The laughter dies down, more people enter and leave and I stared up at the old photos again.
Carbon was named after the mineral deposits found in the area, according to the Handbook of Texas Online. A few of its streets are likewise labeled for similar reasons Coke, Diamond, Coal and Anthracite. The town’s population claimed 272 people in 2010.
Thurber, in nearby Erath County, was the principal bituminous coal town in Texas a century ago. But when locomotives began the switch from coal to oil, the owners of the Thurber mine switched to oil too, signaling the end of local coal.
But that’s all ancient history now.
“I wish they’d discover some more oil out here,” Coble mused. “I think cattle would do better in the shadow of an oil well.”
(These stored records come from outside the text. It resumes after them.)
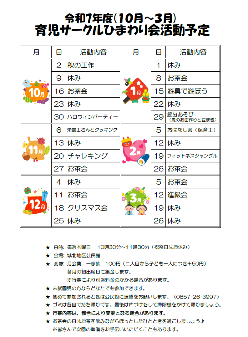 育児サークルひまわり会(子どもと大人のふれあい事業)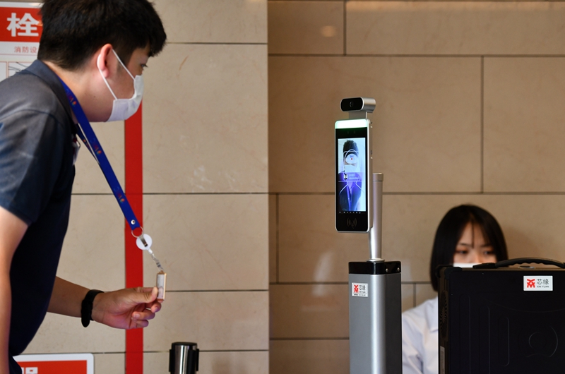 在天津梅地亚大剧院,相关人员进入第四届世界智能大会会场时戴着口罩也可以实现身份识别并测温(6月23日摄)。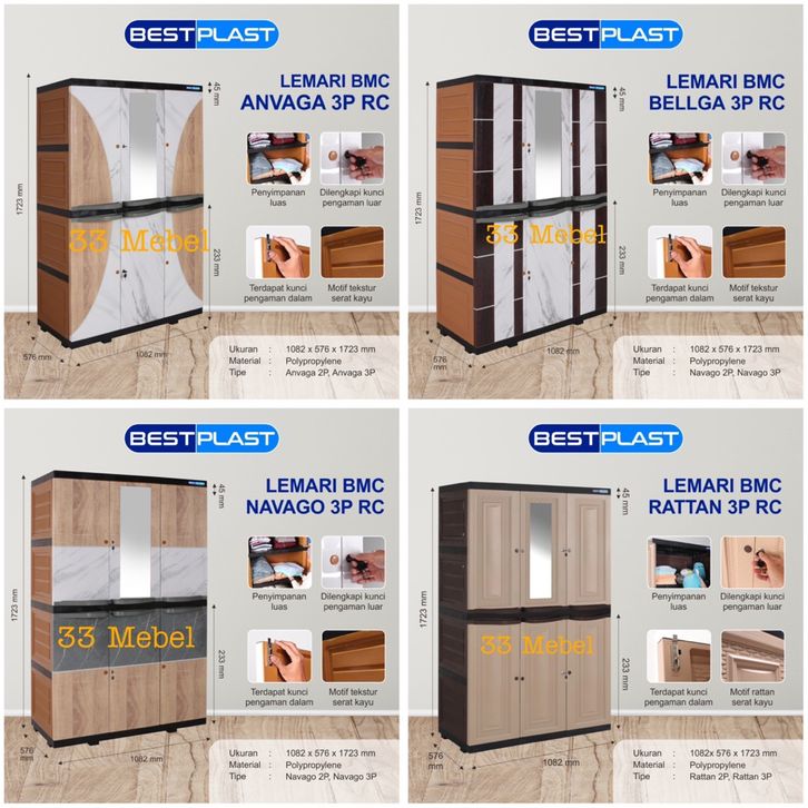 Lemari Pakaian Plastik Serbaguna BESTPLAST Rak Olymplast 2 Pintu/ 3 Pintu Dengan Cermin Pakai Kunci PROMO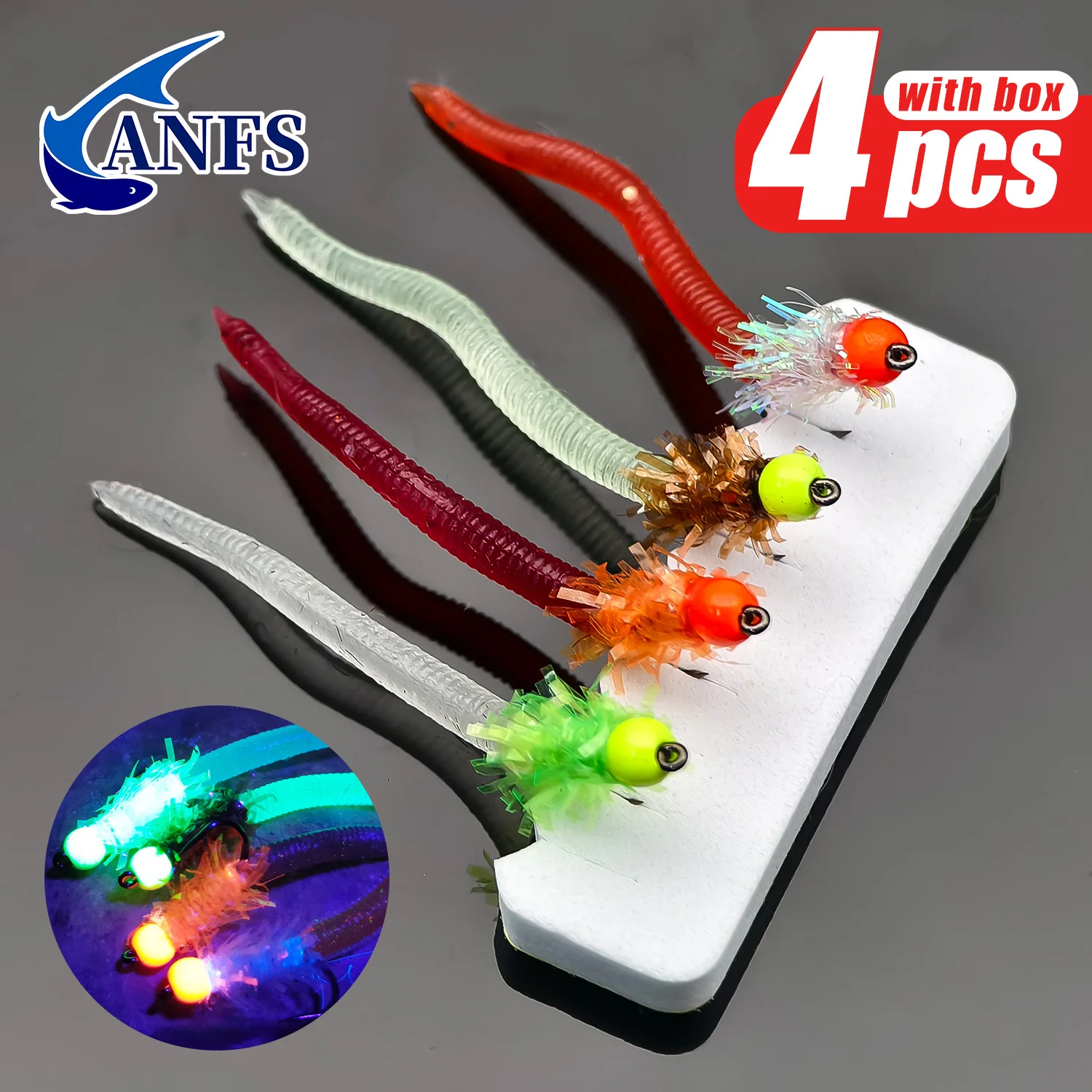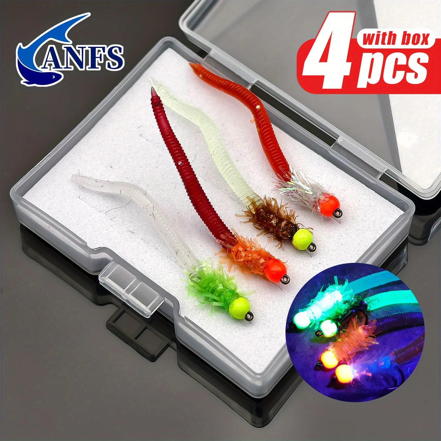 ANFS 4 Uds moscas de pesca con mosca con caja de almacenamiento-cebo suave para moscas de gusano, cosas de pesca geniales, angelköder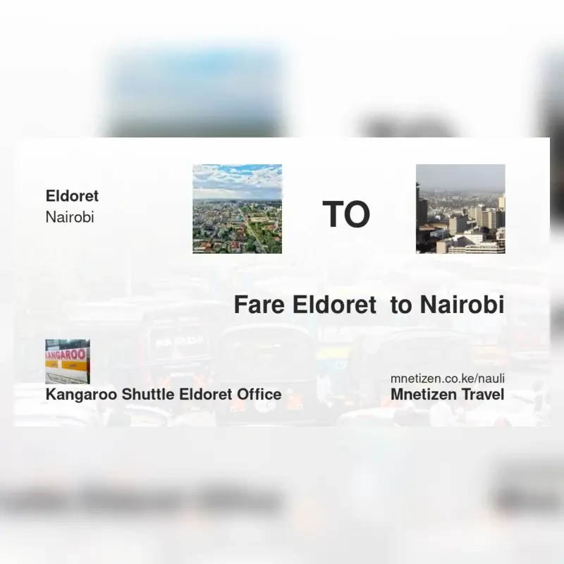 The fare from Eldoret to Nairobi with Kangaroo shuttle eldoret office is . Prices may vary during holidays and school terms.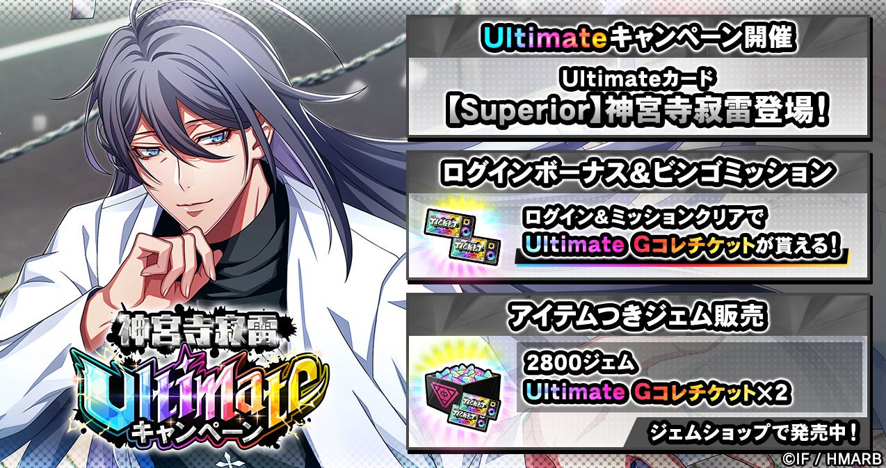 Ultimateカード「SSR【Superior】神宮寺寂雷」を獲得することができるGコレクトや、ビンゴミッション・ログインボーナスを開催しています。

“They would. A big, old pump jack out there making shade for them, they’d grow good,” Spruill agreed.
Another farmer walked in and suddenly everyone began debating the subtle nuances of cotton seed. The manufacturer’s technology fee, which I guessed was probably another way of saying “profit,” on a $400 bag of cotton seed was $275. General grumbling ensued over how the same seed can be priced higher in College Station, only 200 miles away, than in Carbon.
Buying the seed in Carbon and driving it south is apparently a big no-no in the eyes of the manufacturer, though it seemed they didn’t mind if you took it the other way.
“Why couldn’t we have thought of something like that?” Coble asked. “We could have been sitting in some fancy place.”
“How much fancier do you want, John?” replied Spruill, laughing and spreading his arms around the circle. “C’mon, you’re on top of the world right here.”